* _DIRECTIONS_
Return each record verbatim, images excluded.

Collected data
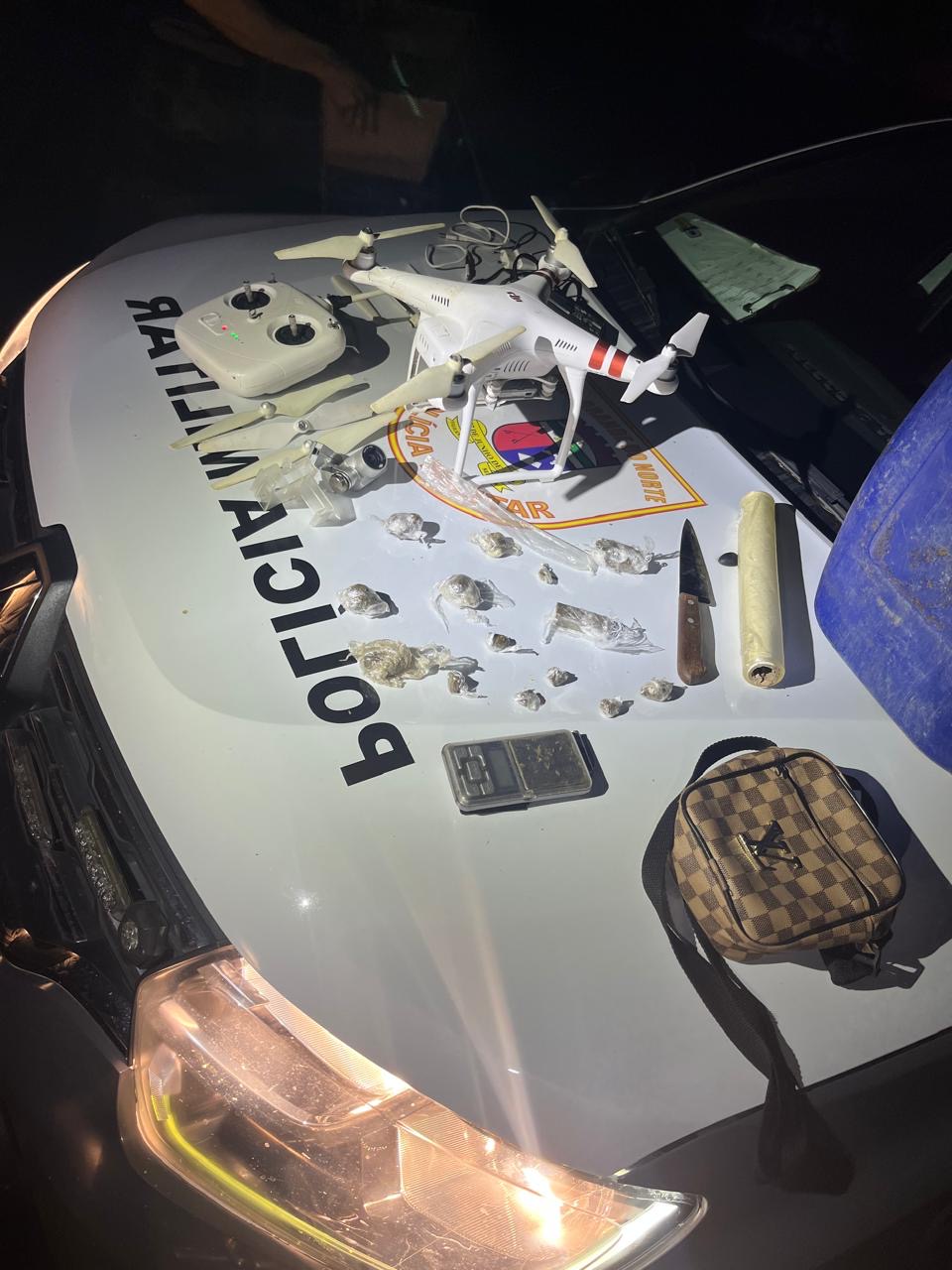 Ainda de acordo com o comandante da GU, além do drone, “foram apreendidos 14 porções de maconha, pesando aproximadamente 100gramas, 01 balança de precisão, 01 rolo de papel filme, 01 faça peixeira e uma pochete de cor marrom com preto”, finalizou.
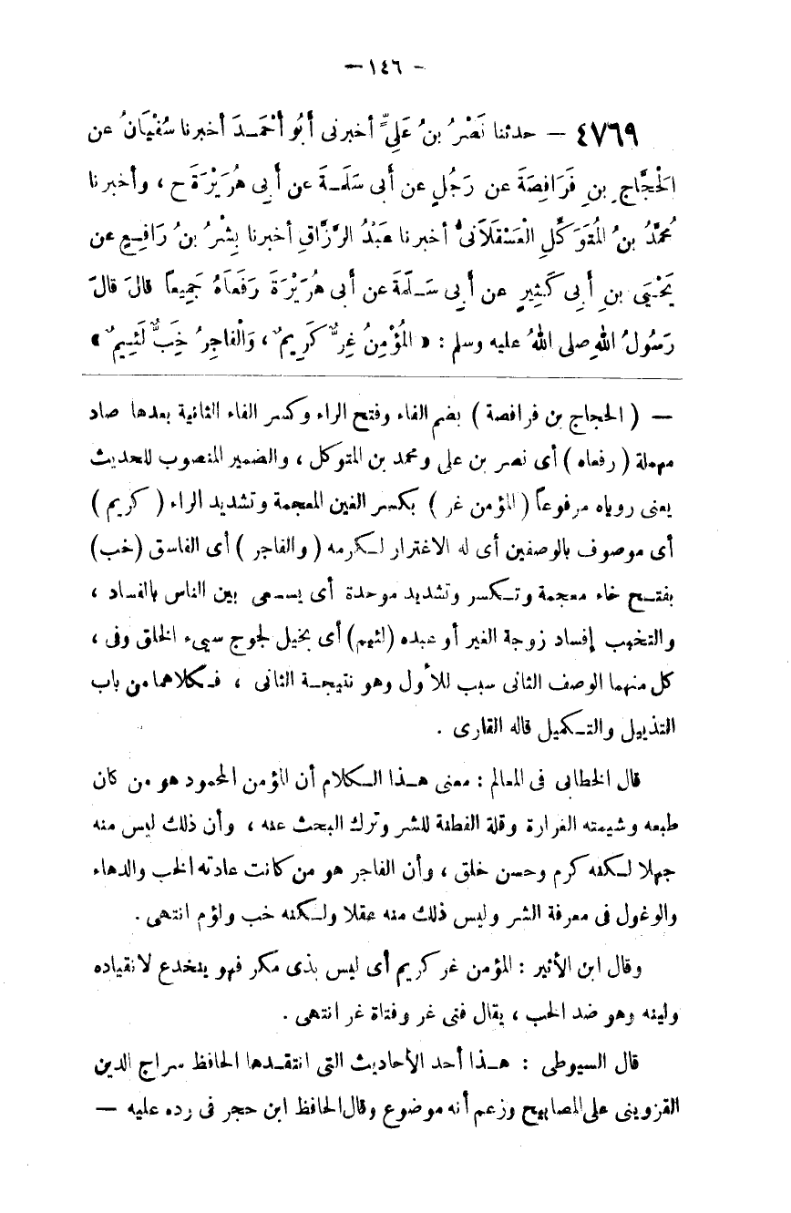 قَالَ الْخَطَّابِيُّ فِي الْمَعَالِم : مَعْنَى هَذَا الْكَلَام أَنَّ الْمُؤْمِن الْمَحْمُود هُوَ مَنْ كَانَ طَبْعه وَشِيمَته الْغِرَارَة وَقِلَّة الْفِطْنَة لِلشَّرِّ وَتَرْك الْبَحْث عَنْهُ ، وَأَنَّ ذَلِكَ لَيْسَ مِنْهُ جَهْلًا لَكِنَّهُ كَرَم وَحُسْن خُلُق ، وَأَنَّ الْفَاجِر هُوَ مَنْ كَانَتْ عَادَته الْخَبّ وَالدَّهَاء وَالْوُغُول فِي مَعْرِفَة الشَّرّ وَلَيْسَ ذَلِكَ مِنْهُ عَقْلًا وَلَكِنَّهُ خِبّ وَلَؤُوم اِنْتَهَى .
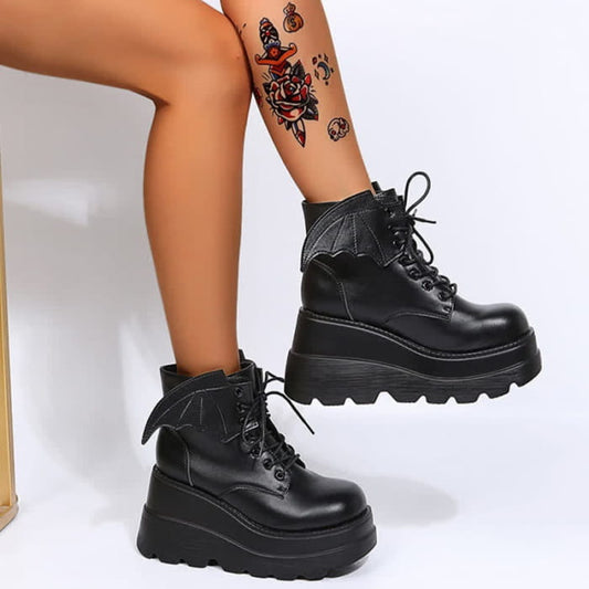 Black Punk Goth Wings Lace Up High Wedge Boots
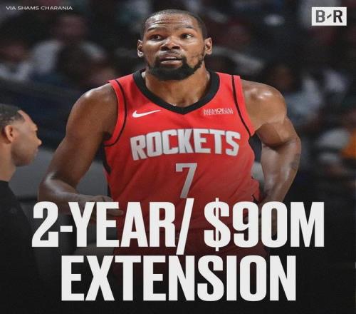 火箭官方宣布:正式与杜兰特达成提前续约协议。据Shams的报道,杜兰特放弃两年1.2亿美元,选择与火箭签下两年9000万美元,从而降薪3000万美元,目的是为了球队保持薪资空间灵活性,便于双方未来长期合作。
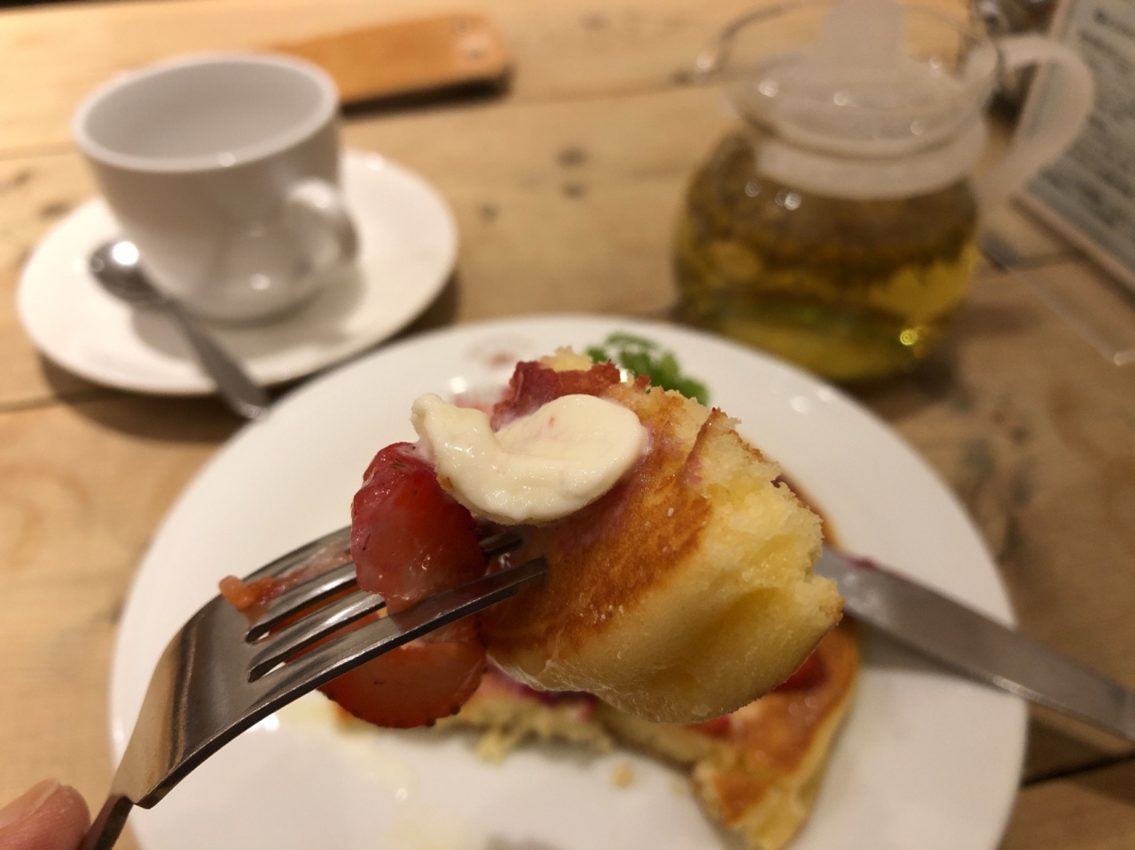 生地のしっかりしたベリーパンケーキのセットはカシミールと最高に相性が良い。
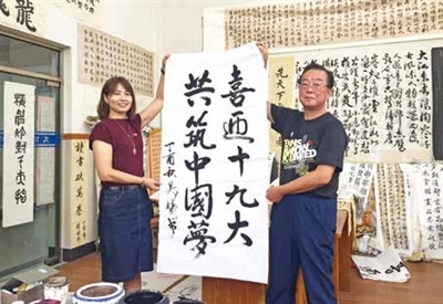 只见来自吴家墩社区的老党员吴炳奎手执墨笔,挥斥方遒,不一会儿,一幅写有“喜迎十九大 共筑中国梦”的书法作品映入眼帘,让人眼前一亮。吴炳奎用这种方式表达了自己对十九大即将召开的喜悦之情。
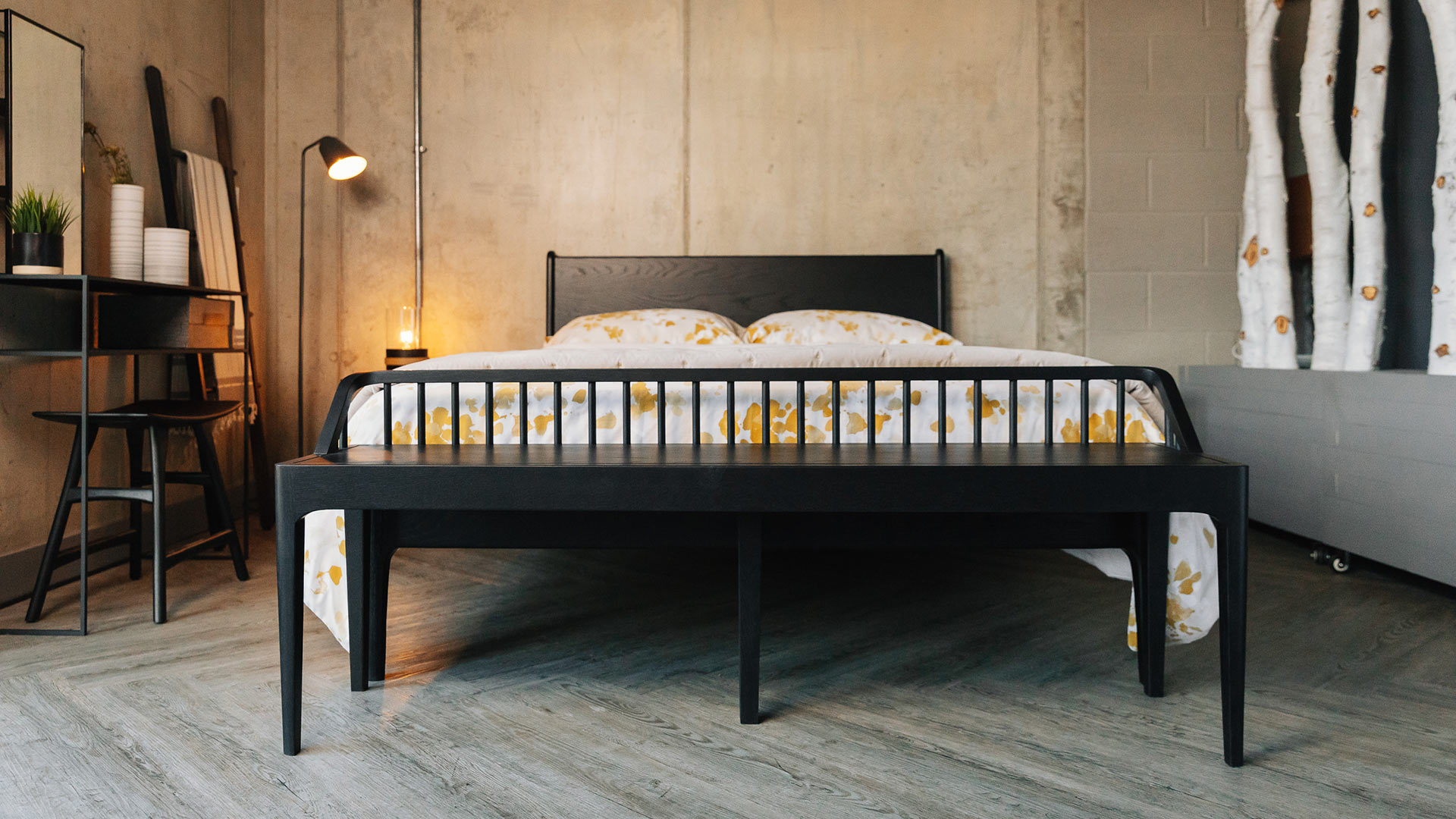 Ethnicraft’s Spindle collection found its inspiration in the traditional spinning wheel. Born of this idea, the black Spindle bench incorporates perfectly aligned spokes into the backseat, complimented by soft, rounded edges. Made in solid, black lacquered oak, this beautiful bench is perfect for the hallway or at the end of your bed. Designed by Nathan Yong.
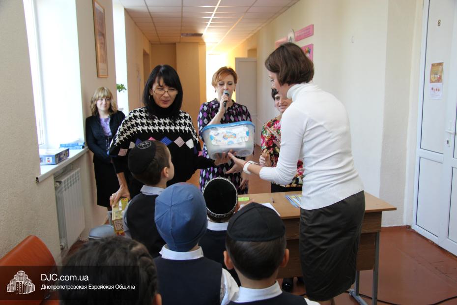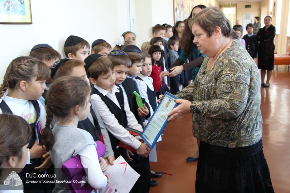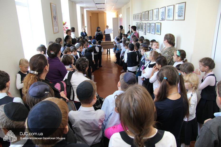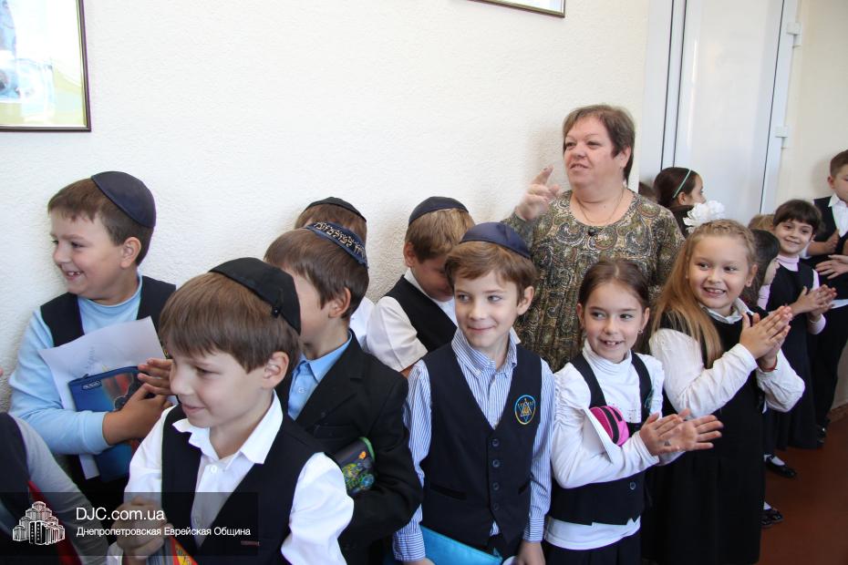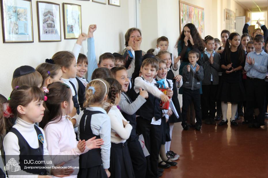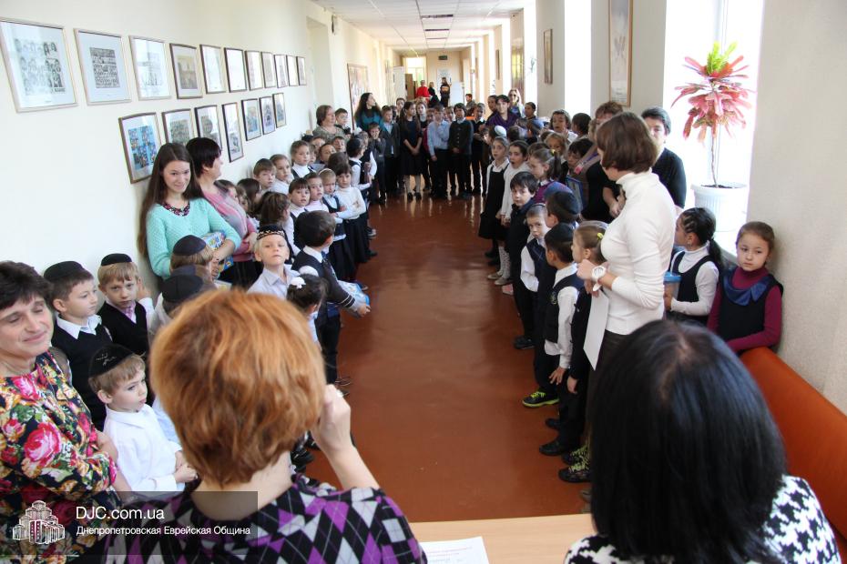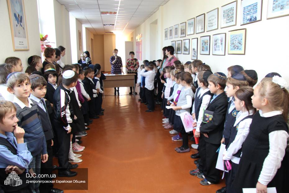 В ходе линейки администрация школы поздравила первоклассников с их первым месяцем учебы в еврейской школе Днепропетровска. Завуч младших классов Марина Кручинина передала классным руководителям первых классов и их воспитанникам наборы конструкторов «Лего», которые будут находиться в классных кабинетах для общего пользования. Марина Кручинина отметила, что она надеется, что ребята будут бережно относиться к конструкторам, и наборы, с помощью которых можно учиться играя, перейдут и к следующим поколениям первоклассников.

* _RESPONSE FOR THIS EXERCISE_
 Ainda de acordo com o comandante da GU, além do drone, “foram apreendidos 14 porções de maconha, pesando aproximadamente 100gramas, 01 balança de precisão, 01 rolo de papel filme, 01 faça peixeira e uma pochete de cor marrom com preto”, finalizou.
 قَالَ الْخَطَّابِيُّ فِي الْمَعَالِم : مَعْنَى هَذَا الْكَلَام أَنَّ الْمُؤْمِن الْمَحْمُود هُوَ مَنْ كَانَ طَبْعه وَشِيمَته الْغِرَارَة وَقِلَّة الْفِطْنَة لِلشَّرِّ وَتَرْك الْبَحْث عَنْهُ ، وَأَنَّ ذَلِكَ لَيْسَ مِنْهُ جَهْلًا لَكِنَّهُ كَرَم وَحُسْن خُلُق ، وَأَنَّ الْفَاجِر هُوَ مَنْ كَانَتْ عَادَته الْخَبّ وَالدَّهَاء وَالْوُغُول فِي مَعْرِفَة الشَّرّ وَلَيْسَ ذَلِكَ مِنْهُ عَقْلًا وَلَكِنَّهُ خِبّ وَلَؤُوم اِنْتَهَى .
 Black Punk Goth Wings Lace Up High Wedge Boots
 火箭官方宣布:正式与杜兰特达成提前续约协议。据Shams的报道,杜兰特放弃两年1.2亿美元,选择与火箭签下两年9000万美元,从而降薪3000万美元,目的是为了球队保持薪资空间灵活性,便于双方未来长期合作。
 生地のしっかりしたベリーパンケーキのセットはカシミールと最高に相性が良い。
 只见来自吴家墩社区的老党员吴炳奎手执墨笔,挥斥方遒,不一会儿,一幅写有“喜迎十九大 共筑中国梦”的书法作品映入眼帘,让人眼前一亮。吴炳奎用这种方式表达了自己对十九大即将召开的喜悦之情。
 Ethnicraft’s Spindle collection found its inspiration in the traditional spinning wheel. Born of this idea, the black Spindle bench incorporates perfectly aligned spokes into the backseat, complimented by soft, rounded edges. Made in solid, black lacquered oak, this beautiful bench is perfect for the hallway or at the end of your bed. Designed by Nathan Yong.
 В ходе линейки администрация школы поздравила первоклассников с их первым месяцем учебы в еврейской школе Днепропетровска. Завуч младших классов Марина Кручинина передала классным руководителям первых классов и их воспитанникам наборы конструкторов «Лего», которые будут находиться в классных кабинетах для общего пользования. Марина Кручинина отметила, что она надеется, что ребята будут бережно относиться к конструкторам, и наборы, с помощью которых можно учиться играя, перейдут и к следующим поколениям первоклассников.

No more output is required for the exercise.